Electric performance saloon gets simpler public charging, battery preservation tech, and more exterior colors.

Autocar UK, By Felix Page

© Electrek | 2021 Porsche Taycan lunch in new upgrades options

Porsche has updated its new Taycan electric saloon for 2021 with new personalization options and a series of technological tweaks aimed at improving ease of ownership.

Heading up the improvements is a new Functions on Demand (FoD) service that allows owners to purchase and install new features over-the-air without visiting a dealership, including Power Steering Plus, lane-keeping assistance, and Porsche Innodrive, an advanced adaptive cruise control program. 

Customers can choose to buy the new features or, for the lane-keeping assistance and Innodrive functions, subscribe on a monthly basis with a three-month trial period. Once specified, the new feature is sent to the car via satellite and activated within a few minutes. 

Also new for the 2021 model year is a battery preservation function that restricts charging capacity where appropriate to reduce power loss. At an 800v Ionity rapid-charging station, for example, drivers can slow the charging speed from 270kW to around 200kW using a new charging mode selector on the central display. 

The Taycan can also now be specified with a power guard function, which prevents a system overload when charging domestically and allows for it to be charged using excess electricity generated by a building’s solar panels. 

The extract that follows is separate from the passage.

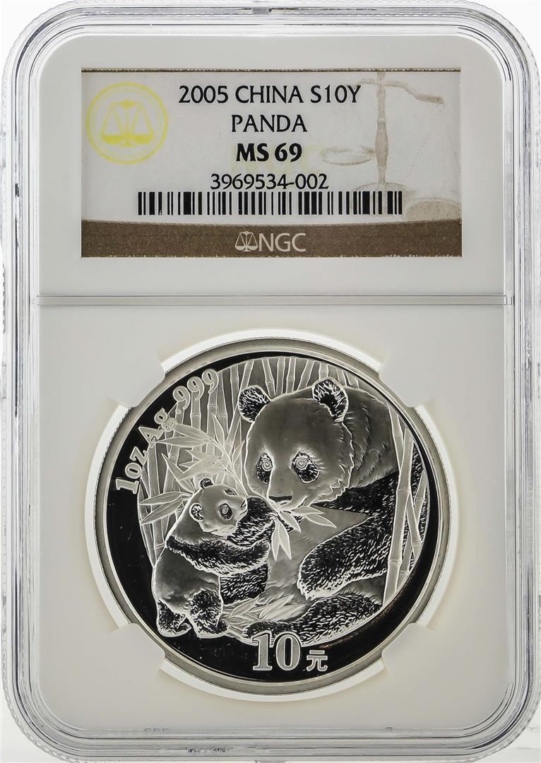 One 2005 China 10 Yuan Silver Panda NGC MS69. NGC Certified.

As a byproduct of the battery optimization tweaks, the top-rung Taycan Turbo S has shaved 0.2sec off its 0-124mph time and now completes the sprint in just 9.6sec. 

Additionally, the 2021 Taycan will do away with the need for drivers to use charging scheme membership cards at public chargers. A new Plug and Charge system being rolled out in the UK next year will allow owners to plug in immediately on arrival, with their authentication data saved to the vehicle and payments processed automatically. 

Elsewhere, cars specified with the adaptive air suspension package can now be programmed to automatically raise and lower their ride height at certain points in a repeated journey, such as at a speed bump or when approaching a steep driveway.